No one ever saw the shark.
He shoved his way through and when he saw her he fell to his knees and knew she was dead already. From the torso up, despite dark sprays of blood, she was unmarked. But her legs had been absolutely ruined. Reduced to nothing. Colorless tendons and raw, pink muscle splattered limply across the muddy beach. Ivan would not realize for hours he was sobbing, and not until the following winter would he understand, to his disgust, that it was not solely Sam’s dead white body that destroyed him, but how her hands, channeling whatever cells of life were left, had seized Anthony in a firm proposal. Then he would feel an intense shame, he’d long to be away from her, the redolent scars, but at the same time…. Her lips, purpled and sputtering inanimate speech, signifying: Don’t go, Don’t go, Don’t go.

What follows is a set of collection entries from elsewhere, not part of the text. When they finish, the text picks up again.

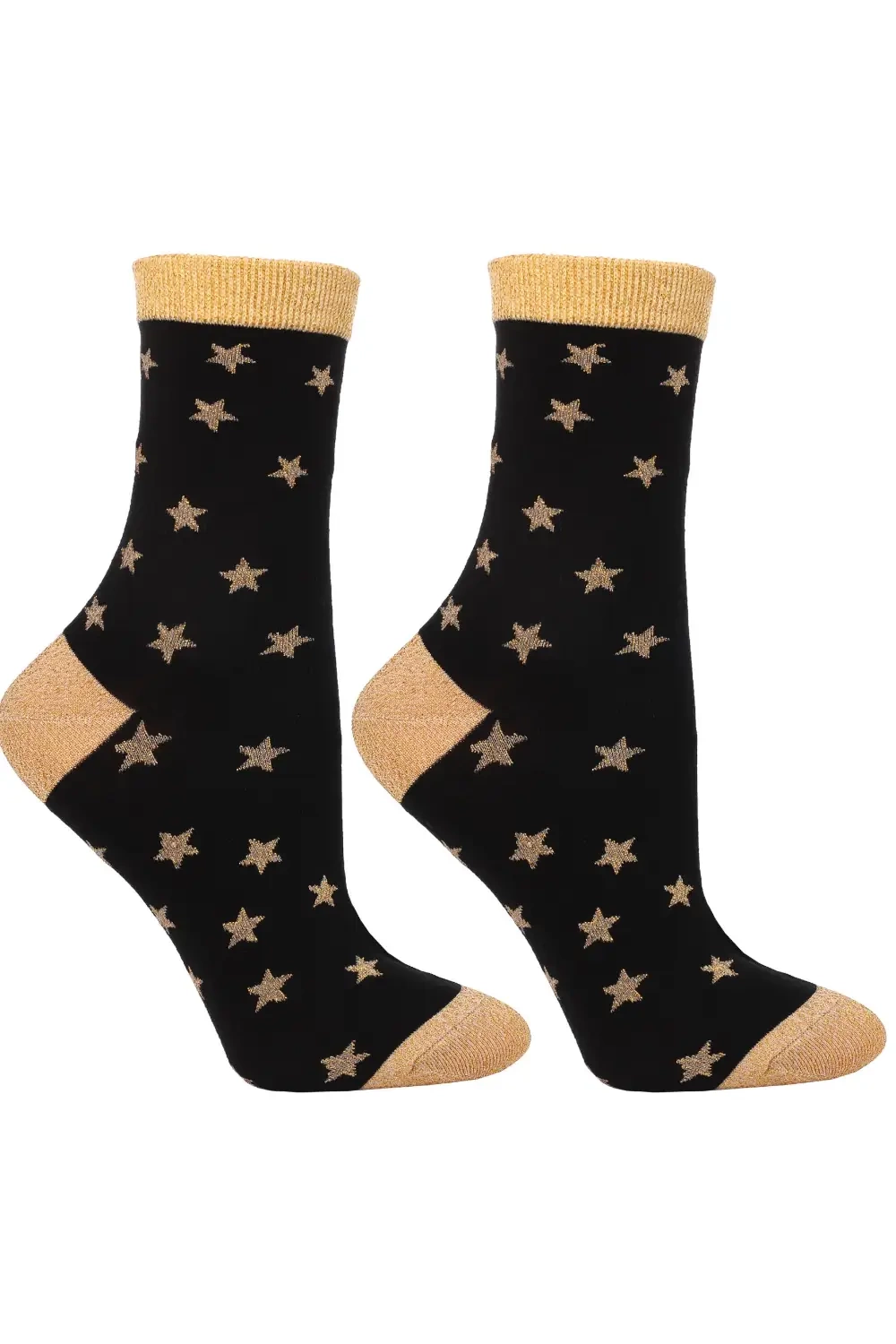 Urocze skarpetki z motywem świątecznym. Skarpetki posiadają pozłacane nitki, co dodaje całości elegancji. Miła i przyjemna w dotyku tkanina zapewniająca komfort użytkowania. Eleganckie pudełeczko sprawdzi się idealnie jako prezent gwiazdkowy. Pudełko posiada wygodny uchwyt w postaci wstążki. Skarpetki sprzedawane w 3-paku. Zalecane pranie w 40 stopniach Celsjusza.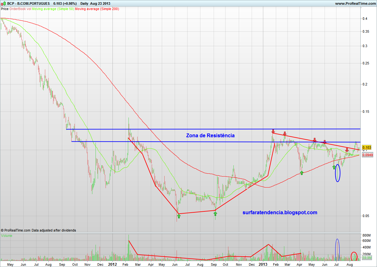 Indo à técnica, os sinais de compra efectiva para um horizonte de longo prazo ainda não surgiram. Nos últimos meses pensei que iamos assistir a um fundo em U. Gorada essa possibilidade após o impacto com a zona de resistência ponderei a activação de um massivo cup & handle. O que é facto é que esta teimosa zona de resistência (construída tendo por base uma quebra de 57% em pouco mais de 3 meses) tem impedido a activação de qualquer padrão de inversão.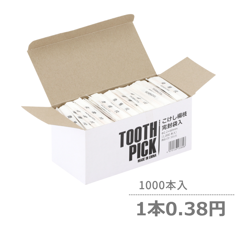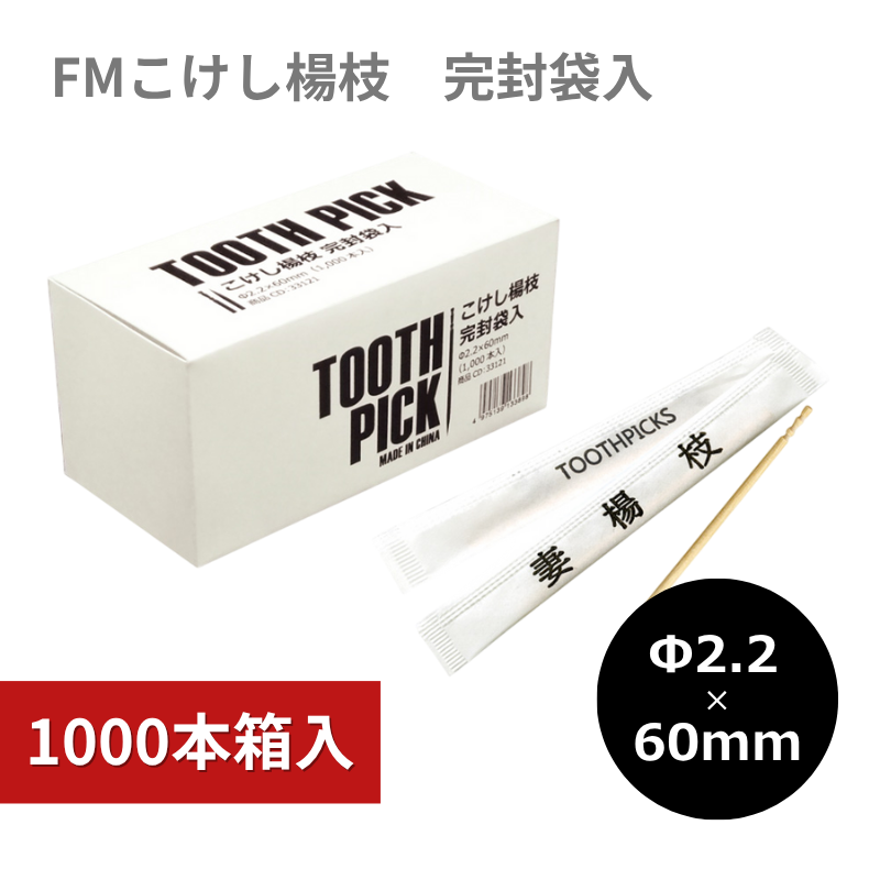 ●商品仕様:こけし楊枝(つまようじ)の箱入りタイプ。1000本の個包装タイプが箱詰めされた商品です。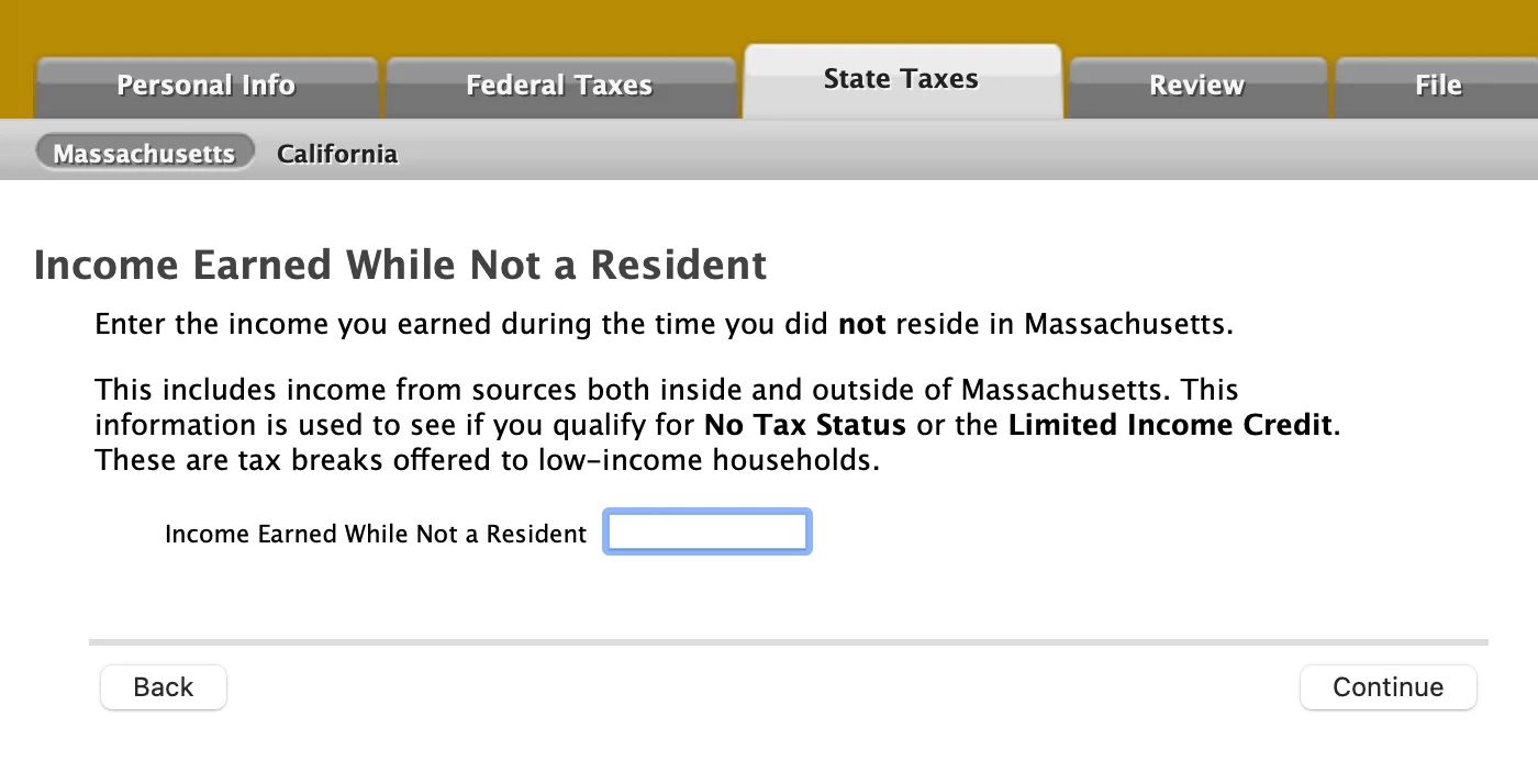 I am filing a part year resident return for MA having moved out of state. TT asks the above question but no gives no guidance as to whether this includes earned income, earned income plus other taxable income (such as dividends and taxable interest), or all income (including state tax exempt income, such as Treasury and MA state municipal interest). Not even sure where I look for this on the MA DOR site. Thanks for any help.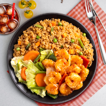 Crispy chicken tossed in a tangy and sweet orange sauce, bursting with citrus flavor. A delicious balance of savory and zesty flavors served with your choice of two side dishes and one refreshing drink.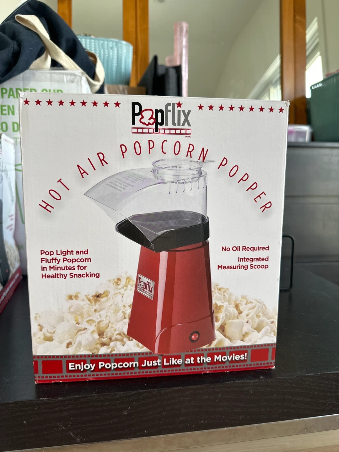 83Enjoy popcorn just like at the movies with this Popflix hot air popcorn popper! It pops light and fluffy popcorn in minutes for healthy snacking. No oil is required, and it has an integrated measuring scoop
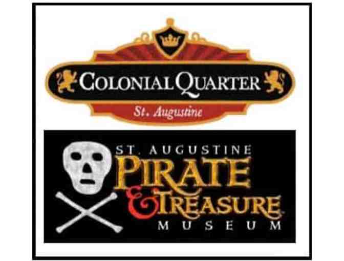 Two VIP cards each valid for one admission at the St. Augustine Pirate and Treasure Museum in St. Augustine, Florida and Two St. Augustine Colonial Experience Living History Tour admissions in the Colonial Quarters of St. Augustine.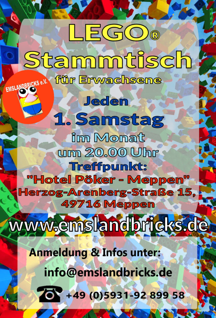 Wir veranstalten einen monatlichen offenen Stammtisch für alle LEGO® Fans aus dem Emsland und dem näheren Umkreis.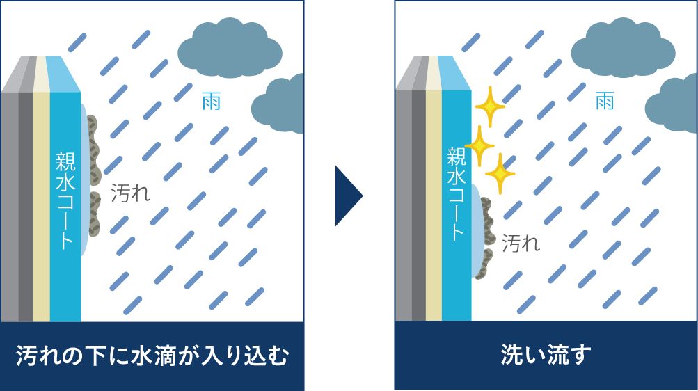 - 雨などの水が汚れの下に入り込み浮き上がらせることによって、汚れが流れ落ちる親水コーティングの商品を採用。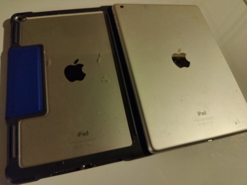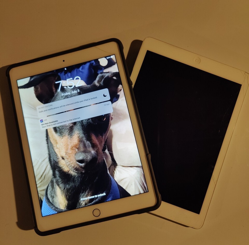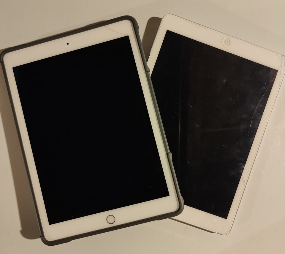 White ipad (on the right) - doesn't boot, screen cracked. Cause unknown.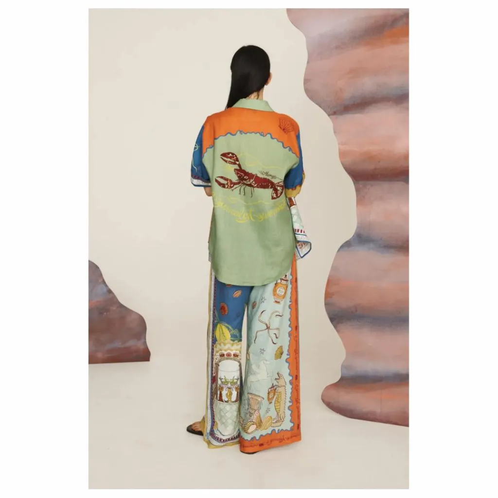 - Travail artistique en collaboration avec Sam Pauletto Silhouette de chemise décontractée Col pointu avec support Patte de boutonnage dissimulée avec boutons auto-couverts Manches retroussées avec bouton et patte de boutonnage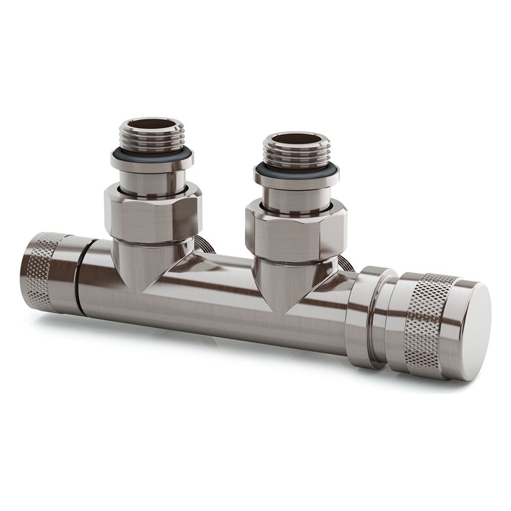 Узел нижнего подключения SR Rubinetterie угловой 1/2"х3/4"Е Никель матовый правый 0681-1500NSE0 включает в себя: вентиль ручной регулировки, преобразуемый в термостатический и запорный клапан, с механизмом предварительной настройки. Дополнительные характеристики: Рабочая среда - вода, гликолевые растворы. Максимальный процент гликоля - 30%. Максимальное рабочее давление -10 бар. Максимальная рабочая температура - 100°C. Минимальная устанавливаемая температура - 7°C. Корпус - штампованная латунь CW617N - UNI EN 12165. Маховик регулировки - прутковая латунь CW614N - UNI EN 12164. Гайка - штампованная латунь CW617N - UNI EN 12165. Плоский хвостовик - штампованная латунь CW617N - UNI EN 12165. Внутренние механизмы - прутковая латунь CW614N - UNI EN 12164. Колпачок запорного клапана - прутковая латунь CW614N - UNI EN 12164. Термостатическая защитная крышка - ABS. Уплотнение - EPDM PEROX.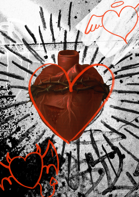 В XIX веке, с развитием печатных технологий начали выпускать религиозные открытки и постеры, содержащие проповеди, молитвы и символику. Особое внимание привлекает стилистика композиций, где визуальные элементы, включая текст и изображения, верстались в форме сердца, что подчеркивало эмоциональное и духовное значение символа в массовой культуре.

He counted the stack once and counted it again. Slowly he lifted the envelope up to the calendar, brought it back down and counted again. He looked out the window at the water, he looked out the door of his room. Paris and Cam, stoned watching television. Two hundred dollars missing.
He restacked the bills, flattened them out and sealed them away, briefly scanning the room for a little hideout before letting it carelessly to the ground. Cam had her legs crossed, she was laughing at something on TV, or something Paris said. He stood up.
---Paris, he shouted. ---Come on man, we’ve got to go to the store.